Status: Needs review » Needs work

Hi,

I tested the drupal 6.x patch version and it gives the error below. The patch seems to call a function from the directory module. Surely any patch to the taxonomy module should be independent of the directory module?

Fatal error: Call to undefined function directory_taxonomy_term_count_nodes() in /var/www/drupal_6.1_20070904/html/modules/taxonomy/taxonomy.module on line 814

Cheers,
Stella

Pasqualle’s picture

Priority: Normal » Critical

need a verdict here

issue summary:
1. the function is incorrect
2. the function is not used by core
3. the patch is an API change
4. the patch still not work

the possibilities:
1. drupal 7.x
2. fix the patch quickly
3. remove the function

feel free to change back the priority after final decision

moshe weitzman’s picture

we are accepting bug fixes before release and afterwards. so i think 2 is reasonable. the patch here looks more complicated than i expected.

beginner’s picture

Priority: Critical » Minor
Status: Needs work » Needs review

my verdict:
1) the function is not used by core -> minor
2) but it's useful and used by some contrib modules -> so we keep it in core (unless someone objects).
3) a bugfix can happen any time, so keep it in the D6 queue, even if the fix appears after the D6 release.

About the proposed fix:
a) forget the patch for a while. See the general idea in #2.
b) Yes, it's complicated. That's why I haven't bothered to update the patch: I need a proper review on the concept first.
c) In order to get that review, I set CNR. The patch doesn't apply but I need feedback on the idea.
d) the process is quite cpu intensive (??), so I cache the results, but I am far from sure it's the right approach.

So, please:
http://drupal.org/patch/review

Take a look at the big picture first and NOT the details.
Simply saying "I [don't] like this feature" or "-1" is of no use and is strongly discouraged. Similarly, diving into a patch and saying nothing but "there is a typo in function so and so" could be a waste of time as you could be continuing a patch that has no hope of being committed.

mlncn’s picture

Priority: Minor » Normal

I have an alternate, simpler patch that applies against Drupal 5.

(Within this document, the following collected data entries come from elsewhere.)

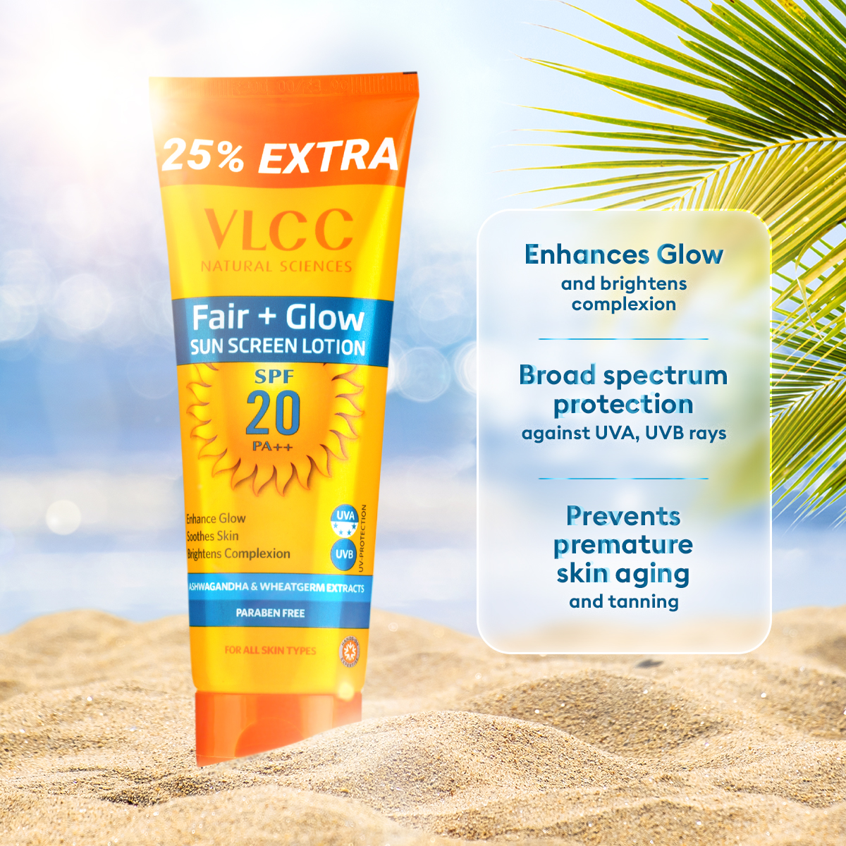 Features of Fair+ Glow Sunscreen Lotion SPF 20 PA ++ -100 g with 25 g Extra
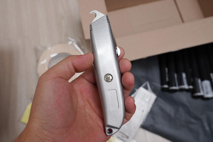 기존에 장착되어있던 그립을 제거하기 위한 후크 커터. 칼 끝부분이 후크 모양으로 구성되어 일반 커터칼을 사용하는 것보다 훨씬 편리하다.
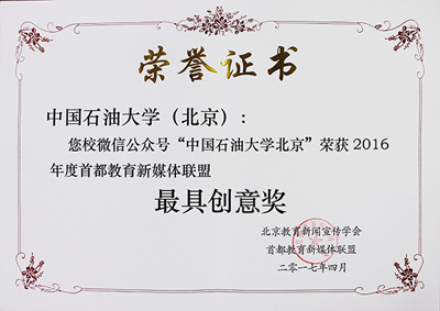 石大官方微信获2016年度首都教育新媒体联盟“最具创意奖”
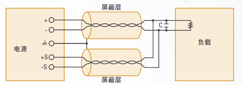使用屏蔽双绞线作为输出和远程感应导线,从而尽量减少辐射(电子和磁性)干扰。为了确保屏蔽线不携带电流,只将屏蔽线的一端接地,首选电源单点接地(图 3.8)。
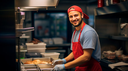 A man in a black apron is cooking food in a kitchen. He is wearing a yellow glove and a red apron
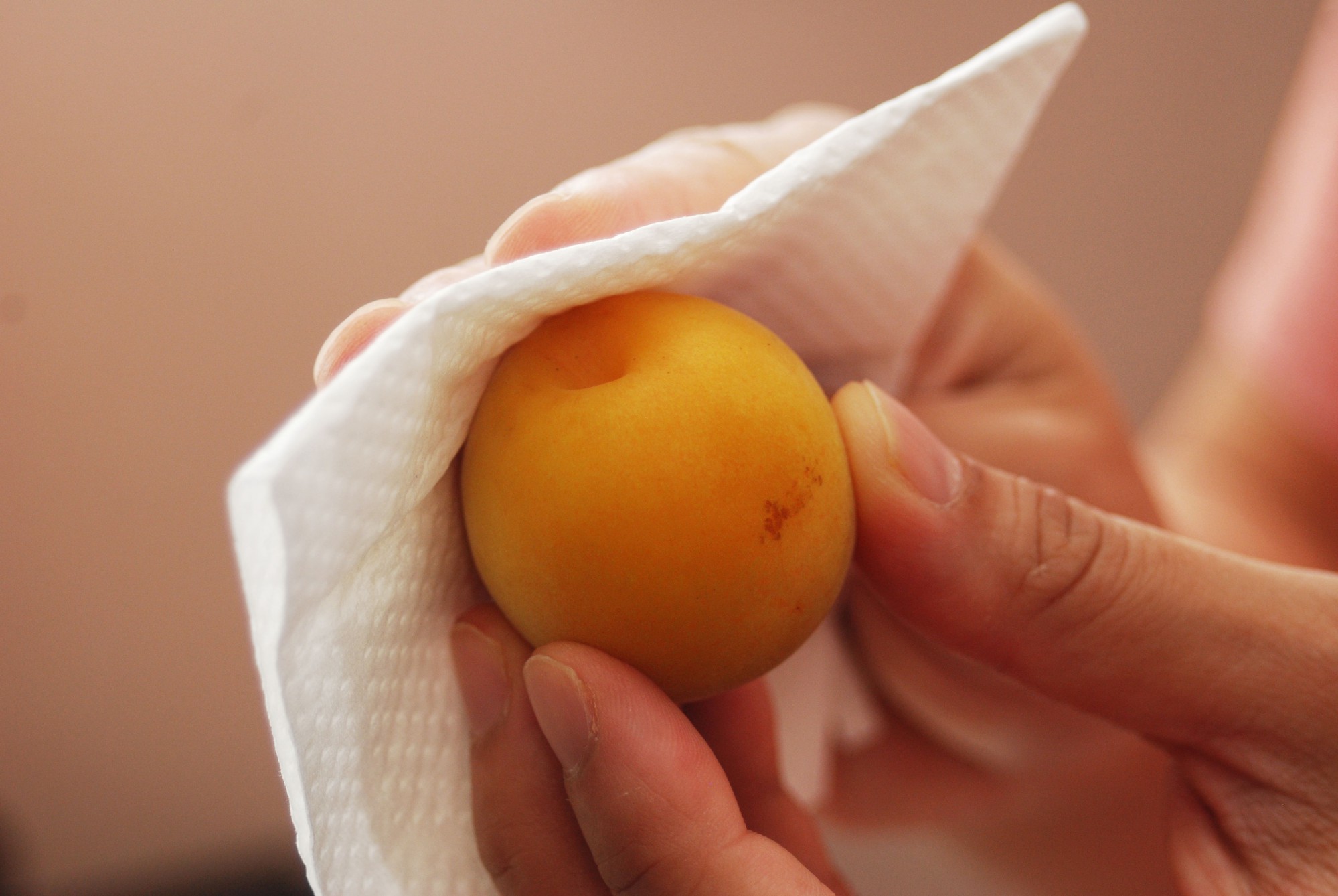 梅の実に水分が残っていると傷みやすくなるので、洗ったあとはキッチンペーパーなどでしっかり水気を拭き取りましょう。強くこすると実が傷つくので、一つひとつ優しく拭きます。
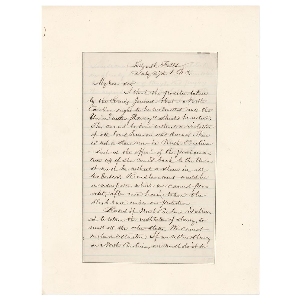 ALS signed W. C. Bryant, two pages on two adjoining sheets, 5 x 8, July 27, 1863. Handwritten letter to a gentleman, in part: "I think the position taken by the Evening Journal that North Carolina ought to be readmitted into the Union 'with Slavery' should be noticed. This cannot be done without a violation of all laws human and divine. There is not a slave now in North Carolinasuch is the effect of the proclamation as if she comes back to the Union it would be without a slave in all her borders. Reenslavement would be a usurpation which we cannot permithaving taken the black race under our protection. Besides if North Carolina is allowed to retain the institution of slavery, so must all the other states. We cannot make a distinction. If we restore slavery in North Carolina, we must do it in Louisiana, where the slaveholders are already accommodating themselves to the new order of thought, and paying the negroes wages as free laborers. This great reform will be fatally checked wherever it had been begun." Professionally inlaid into a larger sheet and in fine condition. A fascinating letter by the abolitionist poet on the rights of man and the effects of President Abraham Lincoln's Emancipation Proclamation, issued on January 1, 1863.
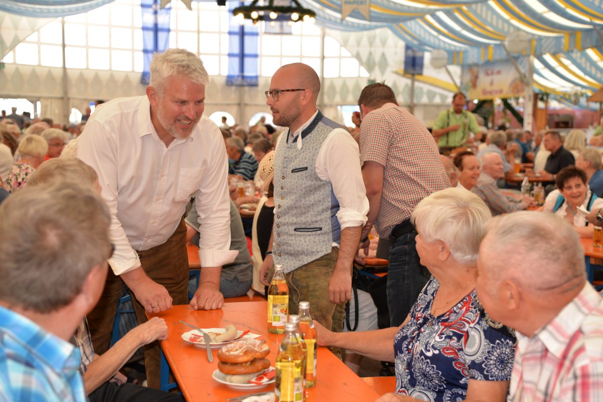 Am Kirchweihdienstag hat die Stadt Lauf wieder die Senioren zum Frühschoppen eingeladen. Heuer erstmals schon am Vormittag. Das Angebot wurde sehr gut angenommen. Als Bürgermeister Thomas Lang die Gäste begrüßte, war das Zelt schon gut gefüllt.
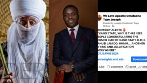 In his prophetic release for 2024 he stated that in Kano he sees people ccongratulating the former Emir of Kano state, HRH Sanusi Lamido. He spoke about his reinstatement ans restoration.
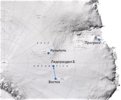 Одним из таких белых пятен является Ледораздел Б — обширная область в самом центре Антарктиды, примерно посередине между российской станцией Восток и китайской станцией Куньлунь. Последнее время на этот район всё чаще заглядываются ученые — гляциологи и палеоклиматологи — из разных стран. Дело в том, что одной из интереснейших задач в изучении Антарктиды (и одним из самых серьезных вызовов антарктической науки) является поиск древнейшего на планете льда возрастом не менее одного миллиона лет [2]. Этот лед расскажет нам о причинах среднеплейстоценового климатического перехода — изменения амплитуды и длительности основных климатических циклов на планете 0,8–1,2 млн лет назад [3].
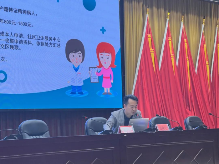 会上,区民政局工作人员龙海英就严重精神障碍患者的“以奖代补”政策、低保准入条件、特困供养人员的评估认定及救助待遇、特殊案例、政策咨询渠道等展开介绍;区医保局工作人员杨文对2024年城乡居民医保的缴费期限、申请方式、待遇水平、报销方式等进行了讲解;区残联工作人员聂夫光围绕区残联针对精神类残疾人提供的住院救助、服药救助、护理补贴等优惠政策展开详细讲述;区公安分局治安大队熊小利向在场与会人员分享了涉精神障碍患者警情处置案例;区疾控中心严重精神障碍管理工作人员周文杰向在场人员介绍了患者筛查流程、各个部门在信息交换中的工作要求等;贵州省第二人民医院精防科科长白蝉讲述了在随访过程中与精神障碍患者接触、沟通交流的基本原则和技巧。会议最后,各部门向与会的基层工作人员提供了咨询电话,并进行现场答疑,为下一步明确职责分工、加强信息共享建立基础。

I think the priority is normal, it's not good for Drupal 6 to ship with bugs. The bug in this function in Drupal 5 certainly burnt me-- it would have been better if it weren't there.

The difference in my approach is that it doesn't change the API or take the step of caching this result as a Drupal variable.

If I add in beginner's check for not double-counting (or worse) nodes belonging to both a term and one or more children terms –

        if (!isset($count[$type][$tid]['own_nodes'][$child_nid])) { // make sure the nid is not already counted for the parent.
          $count[$type][$tid]['children_nodes'][$child_nid] = 1;
        }

– I think I'd prefer my patch.

benjamin, Agaric Design Collective

beginner’s picture

Merci beaucoup. I'll test your patch.

I'll make time for that next year (!!) ;)

brenda003’s picture

Status: Needs review » Needs work

I tested both patches on D5. Firstly, returning an array was unexpected results (yes, even after reading that's what happens!). There must be a better way to do this. I also received several errors on line 1105 about Invalid argument supplied for foreach.

This line:

foreach ($children['children_nodes'] AS $child_nid => $n)

Still the issue of having the parent terms tallying the TOTAL number of nodes both within the parent term and the children term doesn't seem to be working. The array includes both count_own and count_children - so I'm guessing we'll need to add these up. This feels dirty.

Agaric's approach is cleaner and a good starting point, perhaps another placeholder for DISTINCT should be added to the function to complete it.

Wim Leers’s picture

beginner's patch is way too complex. But I've seen it working in the directory module.

Benjamin Melançon's patch doesn't work at all. All it does, is exclude the children completely from being counted. I'd even call that a new bug.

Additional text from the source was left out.